Project Checkpoint

Team Members: Benson Qiu and Tommy Hung

Updated Schedule

 Days  Goal
 4/20 - 4/23  Improve cache locality of optimistic concurrent cuckoo hashmap.
 Create better test suite for benchmarking.
 4/24 - 4/30  Additional optimizations for our optimistic concurrent cuckoo hashmap implementation.
 5/1 - 5/9  Parallel cuckoo hashmap using BFS to speed up insertion time.

Work Completed So Far

We have implemented the following:

  1. Serial hashmap using separate chaining.
  2. Parallel implementation of (1) using chain-level locks.
  3. Sequential hashmap using cuckoo hashing.
  4. Sequential hashmap using cuckoo hashing with cache optimizations.
  5. Optimistic concurrent cuckoo hashmap. This implementation uses key version counters incremented using atomic instructions rather than mutexes for more fine grained parllelism. It also uses a modified path discovery/eviction policy that reduces false misses and allows for lower concurrent read latency during write conflicts.

Preliminary Results

 Implementation  20M Insert Time (Seconds)  20M Read Time (Seconds)
 C++11 Unordered Map  32.91  12.95
 Sequential Cuckoo  13.93  10.37
 Parallel (Bucket-Level) Separate Chaining with 48 Threads  3.50  1.47
 Optimistic Concurrent Cuckoo with 48 Threads  21.91  1.22

We have included preliminary results of our hashmap implementations above, running our test suite on an Intel Xeon E5645 CPU. As expected, the parallel bucket-level hashmap is faster than sequential implementations. One perhaps surprising result is that our optimistic concurrent cuckoo hashmap insertion is even slower than the sequential cuckoo hashmap. This is because the optimistic concurrent cuckoo hashmap is optimized for a read-heavy workload. We sacrifice insertion throughput but improve read throughput by minimizing the chances of concurrent read-write conflicts.

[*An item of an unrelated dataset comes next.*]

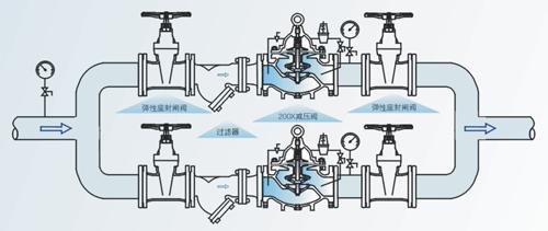 給水及其他工業給水系統,通過調節減壓導閥,即可調節主閥的出口壓力。出口壓力不因進口壓力、進口流量的
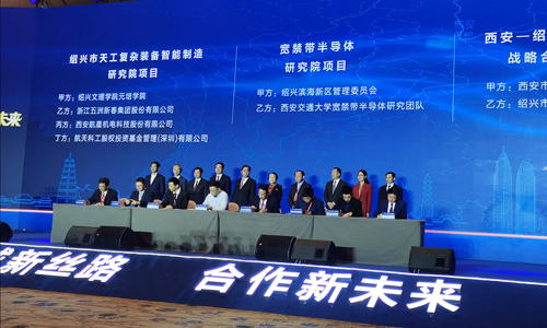 11月15日至17日,以“古城新丝路 合作新未来”为主题的“西安·绍兴周”活动在西安举办。在六个重大合作项目签约仪式上,学院与浙江五洲新春集团股份有限公司、西安航晨机电科技股份有限公司、航天科工股权投资基金管理(深圳)有限公司等单位签订发起共建绍兴市天工复杂装备智能制造研究院协议。绍兴市四套班子领导马卫光、盛阅春、谭志桂、魏伟、叶卫红、徐良平、丁如兴、王琴英、顾涛、邵全卯等见证签约。

We have managed to implement most of what we originally planned to achieve by the end of the semester. However, to be fair, we believe that for versions (4) and (5), there are some performance bugs or implementation details that we may be missing that is preventing us from achieving even greater speedup. Specifically, we have not been able to achieve speedup by adding tags in (4) to improve cache locality and reduce pointer dereferences. (UPDATE: We have solved this issue!)

Presentation Plan

We will create a number of graphs to visualize our benchmarking results. These graphs will mostly show the performance of different key-value store implementations as we vary the percentage of read and write requests.

Current Issues

  1. It is difficult to debug optimizations when they pass our correctness tests but do not provide additional performance.
  2. We are having trouble finding easy-to-use and accurate tools to measure cache performance. We plan on looking into perf soon, but have not had a chance to do so yet.